→ Task statement: Having located "子どもちは、広い場所に大騒ぎ、暑さをものともせず走り回っていました。" in the listing below, write out its line and every following line exactly, last line included, without the pictures.

[Input data Boundary: Start]

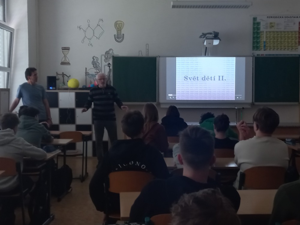 Právě o tom byla beseda s pamětníkem a místním kronikářem panem Jaroslavem Kotrbáčkem. S pomocí krátkých videí zaměřených tematicky na kulturu, trávení volného času, pracovní proces či kolektivizaci venkova se žáci dozvídali, jak vypadal život našich předků před pár desetiletími. Nejvíce je asi zaujalo téma svět dětí, kdy mohli nejlépe porovnávat, k jak velkým proměnám v životě dětí došlo.
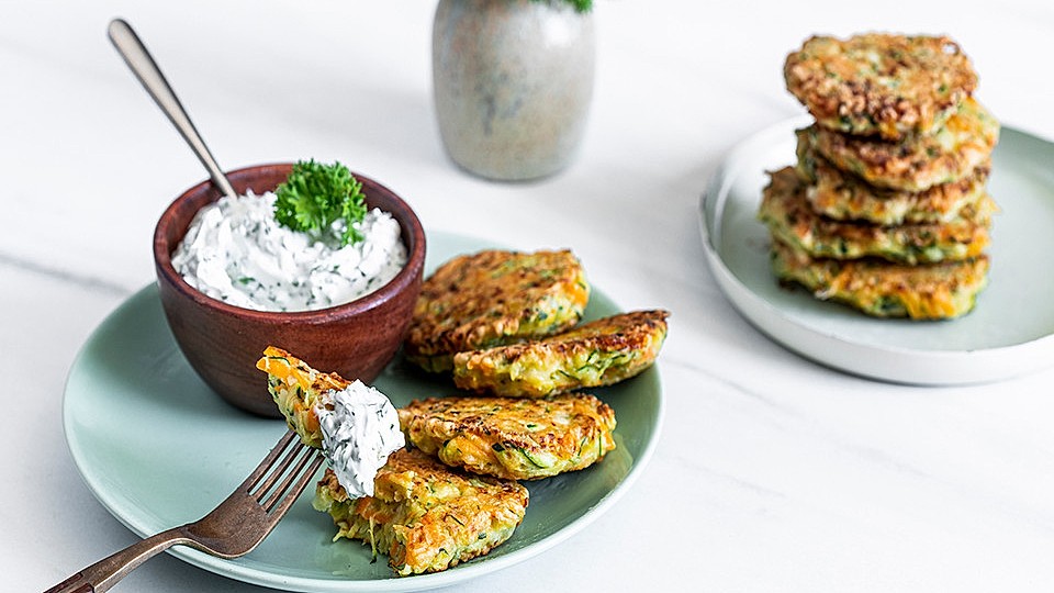 Zucchini-Möhren-Puffer mit Kräuter-Joghurt-Creme
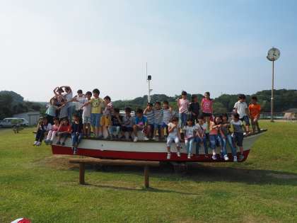 子どもちは、広い場所に大騒ぎ、暑さをものともせず走り回っていました。
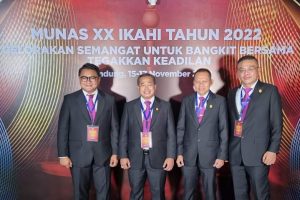 “Perhelatan MUNAS IKAHI tersebut dihadiri delegasi dari Pengurus Daerah yang masing-masing menyertakan 5 (lima) utusan ditambah satu delegasi dari cabang khusus Mahkamah Agung serta 2 ( dua ) orang peninjau dari masing-masing pengurus daerah.” kata Koordinator kepanitiaan seksi Kehumasan, Publikasi dan Dokumentasi Djuyamto, SH.MH.,saat dikonfirmasi awak media pada Selasa,(15/11/2022).

[Input data Boundary: End]

→ Task answer:
 子どもちは、広い場所に大騒ぎ、暑さをものともせず走り回っていました。
 “Perhelatan MUNAS IKAHI tersebut dihadiri delegasi dari Pengurus Daerah yang masing-masing menyertakan 5 (lima) utusan ditambah satu delegasi dari cabang khusus Mahkamah Agung serta 2 ( dua ) orang peninjau dari masing-masing pengurus daerah.” kata Koordinator kepanitiaan seksi Kehumasan, Publikasi dan Dokumentasi Djuyamto, SH.MH.,saat dikonfirmasi awak media pada Selasa,(15/11/2022).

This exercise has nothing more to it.